By the 2000s, Mr. Lapid had become one of Israel’s best-known television hosts and commentators, noted for his noncombative style of questioning and middle-of-the-road columns.
He began planning for a political career toward the end of the decade, and in 2012 formed his own centrist, secular political party, Yesh Atid, or “There Is a Future.” It unexpectedly took second place behind Mr. Netanyahu’s Likud in a general election in 2013, entering a Netanyahu-led coalition government, and Mr. Lapid became finance minister.
Mr. Lapid was neither the first nor the last newcomer to attempt to break the mold of Israeli politics with a new centrist party. But to Mr. Lapid’s earliest political allies, there was a dynamism to his brand of centrism that they felt was original.
“I felt that I could come home,” said Yael German, once a mayor for a leftist party, Meretz, who later joined Yesh Atid and became one of its first lawmakers. “It was everything that I thought — putting limits on the religious parties, talking about civilian marriage, L.G.B.T. rights, giving up the occupied territories, two states for two peoples.”
Meretz “was always too left for me, too extreme,” Ms. German added. “But Yair wasn’t.”
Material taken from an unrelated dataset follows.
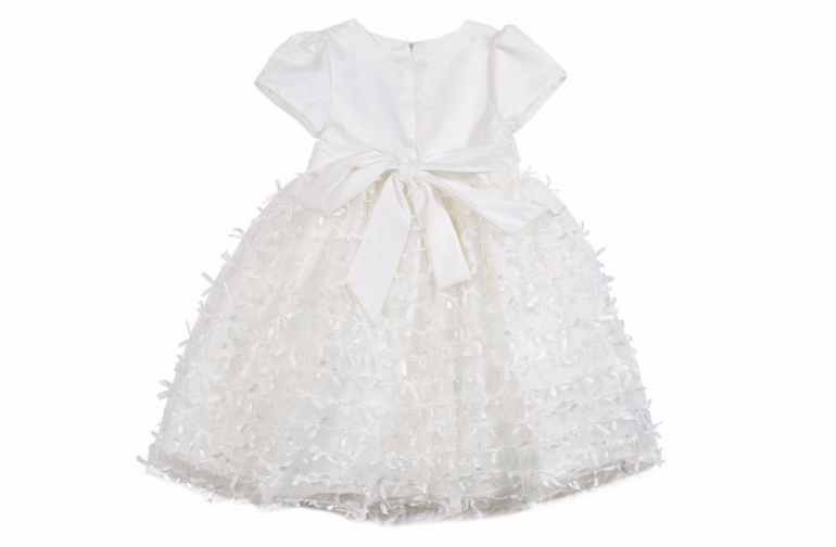 Нарядное воздушное платье. Верх платья и рукава выполнены из атласа,. Юбка объемная многослойная из атласа и фактурной сетки, на которую настрочены маленькие атласные бантики. Пояс сзади завязывается на бант. Платье застегивается на молнию на спинке.

To Mr. Lapid’s critics, however, there was a shallowness to his politics and an arrogance to his manner. What allies saw as an ability to bridge between left and right, others considered a lack of ideological clarity. Satirists set up a website, known as the “Lapidomator,” that allowed users to generate vacuous statements on any given topic — mocking the perceived emptiness of Mr. Lapid’s ideas.